## [Your instructions]
Transcribe each line below verbatim; pictures excluded.

----- Supplied data -----

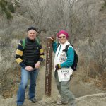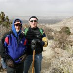 The group included: Eliza Schmid who sped ahead of the rest with her two doggies who love to strike out being seasoned former Sierra Club trekkers with leader Eliza, their mistress. Others included sisters Liz and Meg Davidson, Rick Held, Nancy Carrillo and Dave Huberty, Dave Colton, Kathleen Rhoad, Chris Glore and Bob Haladay. (Neal McDonald joined the hike for a short time.) All agreed it is a great hike and hope to do it in warmer weather to see the cottonwoods and greenery. The distance is about 3 miles and if the full distance is hiked to the top, about 3 hours in duration. All pictures by Kathleen except where noted.
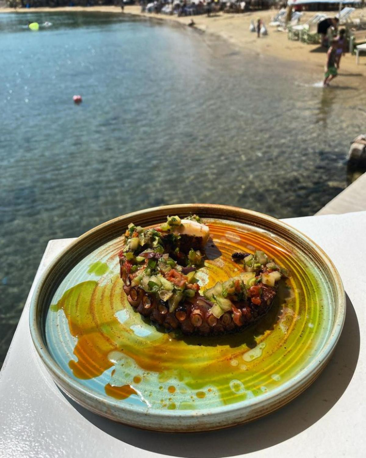 Poulpe très bien cuit et excellent dessert fait par la maman du propriétaire
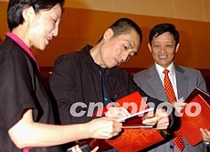 中國(guó)著名電影導(dǎo)演張藝謀導(dǎo)演的中央芭蕾舞團(tuán)新版《大紅燈籠高高掛》,八月八日在北京首演成功后,忙于為京城各界人士簽名。中新社記者:賈國(guó)榮
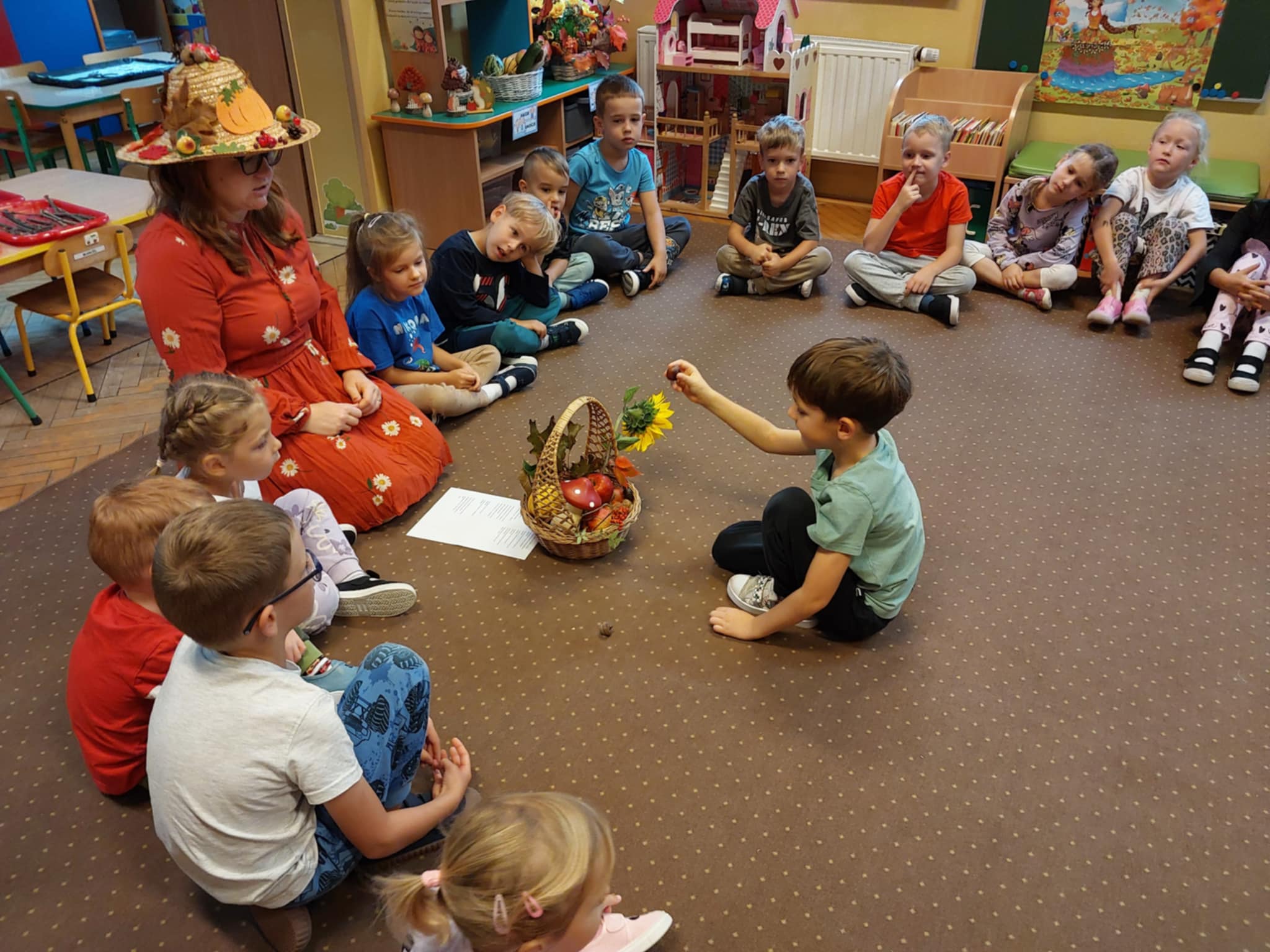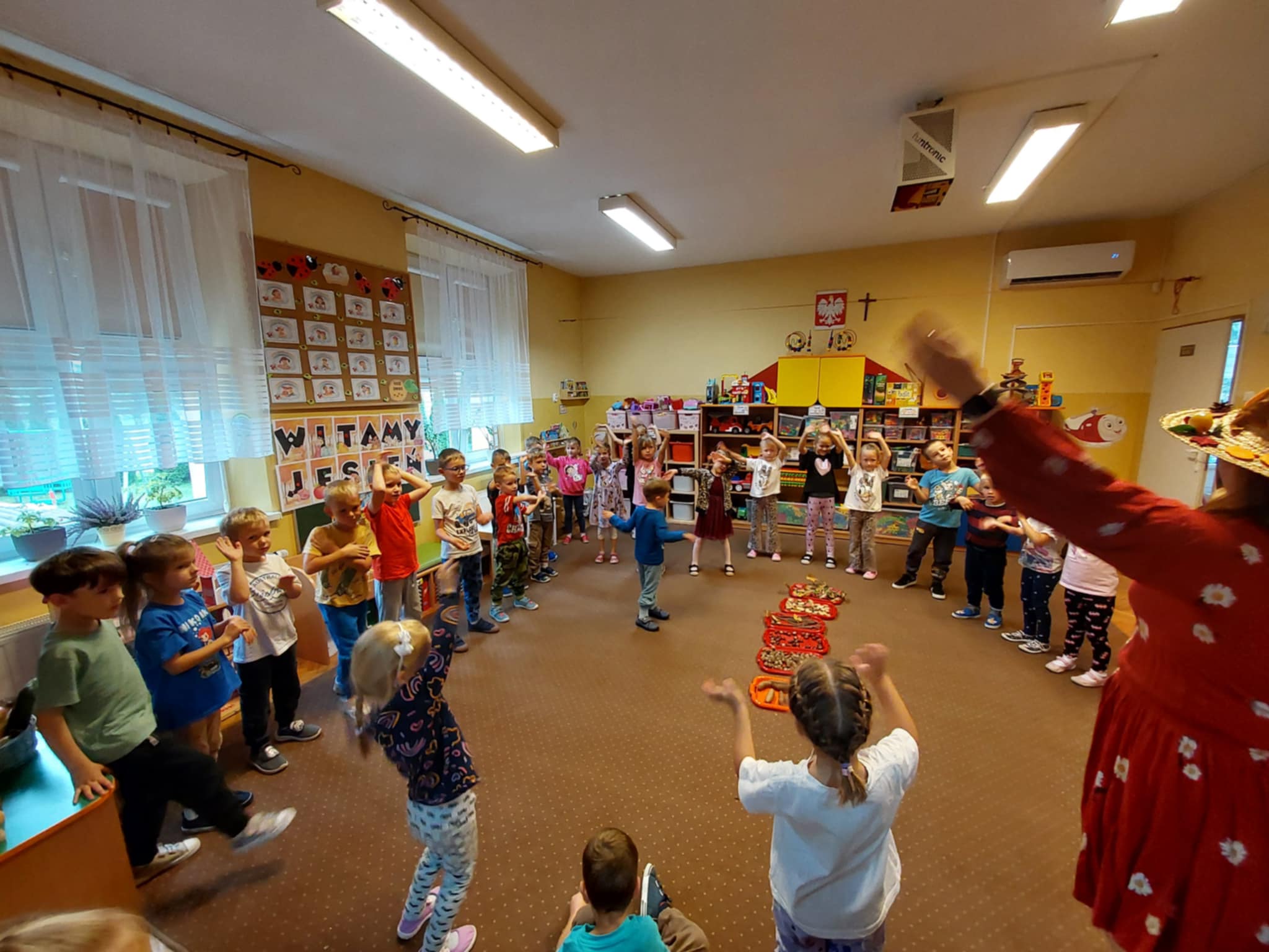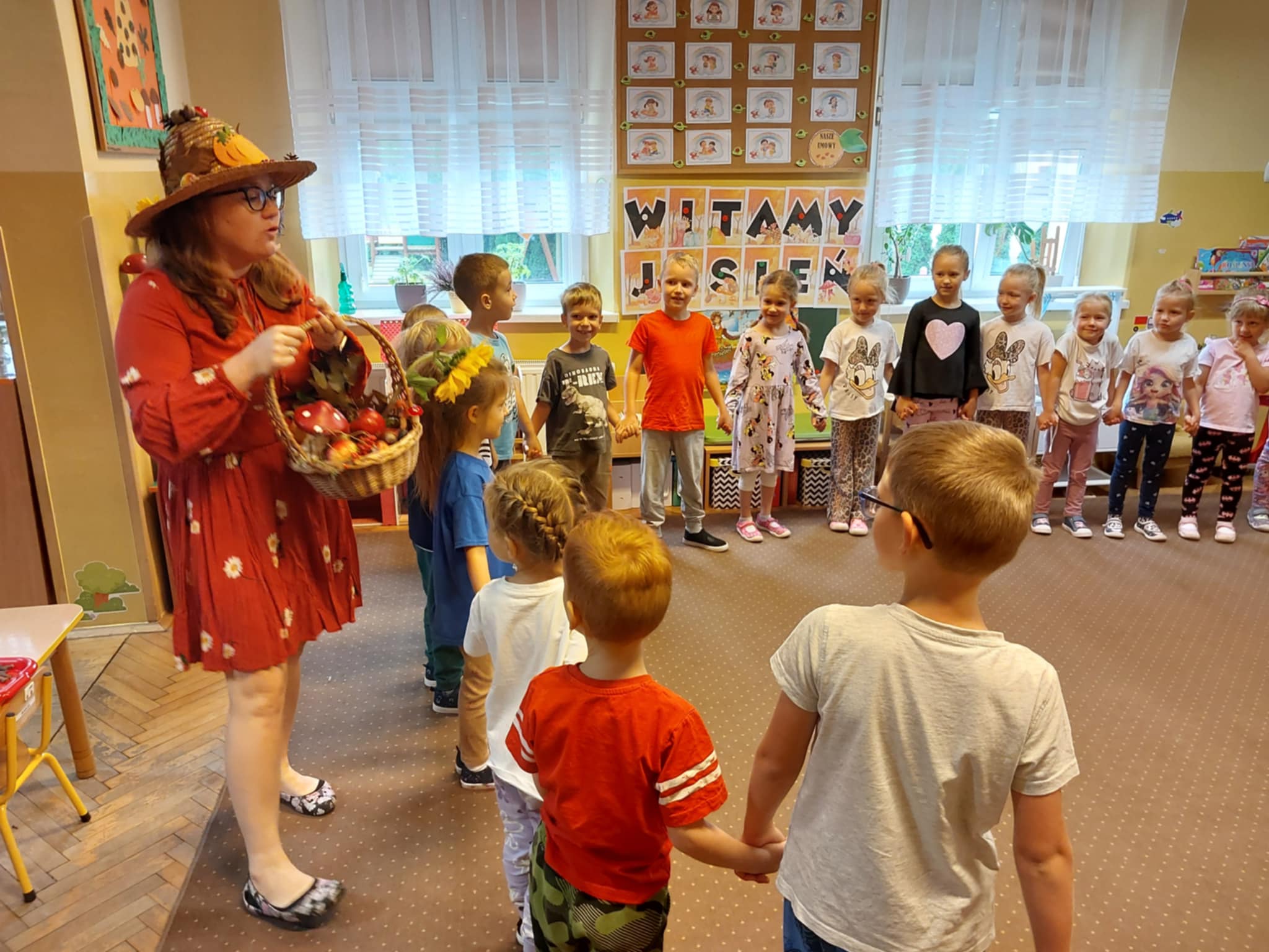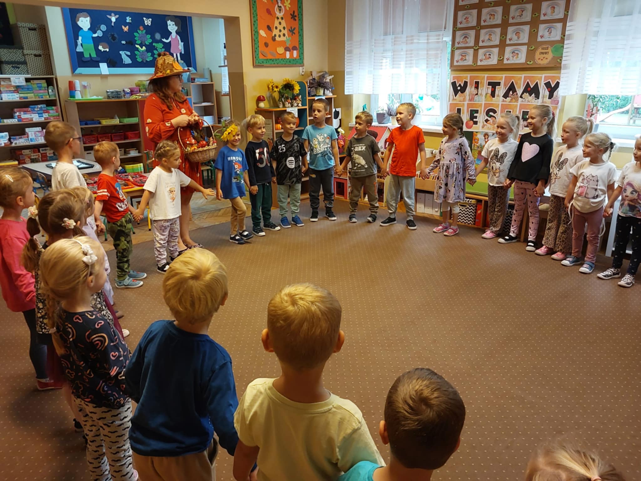 23.09 do naszego przedszkola zawitała Pani Jesień, niosąc ze sobą kosz pełen darów lasu i ogrodu. Dzieci rozwiązywały jesienne zagadki słowne, brały udział w radosnych zabawach muzycznych i przemierzały sensoryczną ścieżkę złożoną z darów natury. Wspólnie przeprowadziły eksperyment „Jesienne drzewo”, który wzbudził wiele emocji i ciekawości. Nie zabrakło też słodkiego, dyniowego poczęstunku – za który serdecznie dziękujemy mamie Szymonka. Na zakończenie każdy Maluszek stworzyło własny, kolorowy jesienny wianuszek z zebranych dzień wcześniej liści, który będzie piękną pamiątką tego wyjątkowego dnia. Było radośnie, twórczo i bardzo jesiennie!

-----

## [Response to this task]
 The group included: Eliza Schmid who sped ahead of the rest with her two doggies who love to strike out being seasoned former Sierra Club trekkers with leader Eliza, their mistress. Others included sisters Liz and Meg Davidson, Rick Held, Nancy Carrillo and Dave Huberty, Dave Colton, Kathleen Rhoad, Chris Glore and Bob Haladay. (Neal McDonald joined the hike for a short time.) All agreed it is a great hike and hope to do it in warmer weather to see the cottonwoods and greenery. The distance is about 3 miles and if the full distance is hiked to the top, about 3 hours in duration. All pictures by Kathleen except where noted.
 Poulpe très bien cuit et excellent dessert fait par la maman du propriétaire
 中國(guó)著名電影導(dǎo)演張藝謀導(dǎo)演的中央芭蕾舞團(tuán)新版《大紅燈籠高高掛》,八月八日在北京首演成功后,忙于為京城各界人士簽名。中新社記者:賈國(guó)榮
 23.09 do naszego przedszkola zawitała Pani Jesień, niosąc ze sobą kosz pełen darów lasu i ogrodu. Dzieci rozwiązywały jesienne zagadki słowne, brały udział w radosnych zabawach muzycznych i przemierzały sensoryczną ścieżkę złożoną z darów natury. Wspólnie przeprowadziły eksperyment „Jesienne drzewo”, który wzbudził wiele emocji i ciekawości. Nie zabrakło też słodkiego, dyniowego poczęstunku – za który serdecznie dziękujemy mamie Szymonka. Na zakończenie każdy Maluszek stworzyło własny, kolorowy jesienny wianuszek z zebranych dzień wcześniej liści, który będzie piękną pamiątką tego wyjątkowego dnia. Było radośnie, twórczo i bardzo jesiennie!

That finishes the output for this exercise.